Despite the fact that whole fruit assumption has been related to various health effects, few studies are currently available comparing the benefits associated with their consumption and their derivatives, such as juices. One of the advantages of the juice is certainly its ease of consumption. Its moderate intake could make it a very interesting option to benefit from the healthful effects of the fruit. This assumes an even greater value in cases in which fruits are not normally consumed, allowing these subjects to almost satisfy the daily recommendations completely [44].
A study based on data from the 2013–2016 National Health and Nutrition Examination Survey reported that one hundred percent of fruit juice consumers had a ten percent higher Health Score Food Index [45] with respect to non-consumers, and an increased intake of several nutrients (vitamins D and C) and minerals (potassium, calcium, and magnesium).
This has led to our study on volunteers with homogeneous lifestyles and habits and in a balanced food context who were subjected to the intake of the MedDiet for two weeks with or without the supplementation of MAB juice.
Although there are a lot of epidemiological, in vitro, and animal studies on the health effects of apple juice, clinical studies have only recently been carried out to verify the transferability of these results to humans.

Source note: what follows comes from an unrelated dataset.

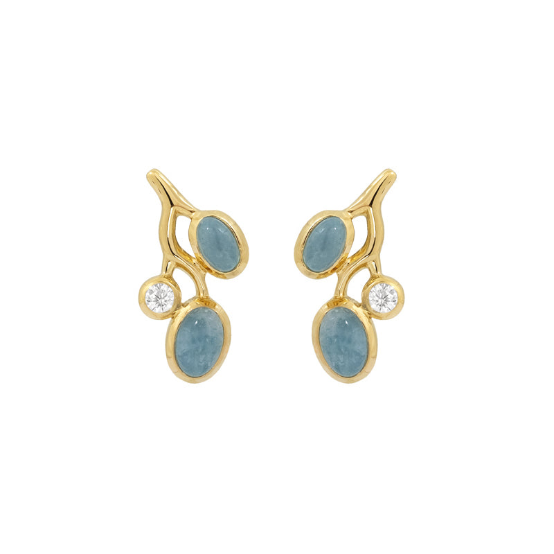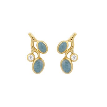 Ørestikkerne er fremstillet i forgyldt sterlingsølv og prydet med blå akvamariner og klare zirkonia.

In particular, it has been shown that apple polyphenols, thanks to their strong antioxidant properties, prevent damage to lung tissue induced by smoking and can reduce LDL oxidation [46,47]. By acting on the stress oxidative reduction, they can decrease the aging-induced cellular damage and perform a preventive activity in several CNCDs [48]. These health effects are mainly attributable to five classes of polyphenols: flava- and flavonols, anthocyanins, phenolic acids, and dihydrochalcones [49,50]. Their concentrations change greatly according to the part of the fruit taken into consideration as well as according to the fruit cultivar, harvest, and storage [49]. Despite the possible depletion in polyphenols, recent studies have shown that the fruit juice nutritional value is similar to that of the whole fruit, except for the fiber and vitamin C content [51]. Wruss et al. demonstrated that the consumption of unfiltered apple juice increases the blood and urine concentrations of phenolic compounds, with elevated interindividual variability [52].

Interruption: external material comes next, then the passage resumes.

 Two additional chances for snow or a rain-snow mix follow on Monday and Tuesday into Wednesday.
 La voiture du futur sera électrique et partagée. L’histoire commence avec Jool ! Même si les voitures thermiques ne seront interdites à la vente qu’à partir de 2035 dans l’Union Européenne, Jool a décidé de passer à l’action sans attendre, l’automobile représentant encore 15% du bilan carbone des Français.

We measured body composition by BIA under controlled and standardized conditions with study participants randomly allocated to the MedDiet or MedDiet + MAB juice.
No variation was shown between BMI and waist circumference after MedDiet + MAB juice concerning MedDiet, according to Barth et al. [53]. A significant increase in lean mass was observed comparing MedDiet vs. MedDiet + MAB juice (p < 0.01). The mechanisms of how fruit juice modulates body lean mass might include the regulation of lipid and glycemia metabolism.
Few studies are currently available that have examined different parameters of glucose homeostasis using single doses of apple juice. Ravn-Haren et al. [54] highlighted the effects of apple juice on several cardiovascular disease risk factors. The authors did not report any statistically significant effect of such supplementation on insulin, insulin-like growth factor, and insulin-like growth factor-binding protein 3 concentrations or triglyceride levels [54].
In the present study, no significant changes were shown between MedDiet and MedDiet + MAB juice, regarding glycemia (MedDiet vs. MedDiet + MAB juice Δ% = 0.94, p = 0.73) and insulin (MedDiet vs. MedDiet + MAB juice Δ% = 9.30, p = 0.36). According to White et al. [55] who used 100% apple juice, our data showed no variation in glycemia.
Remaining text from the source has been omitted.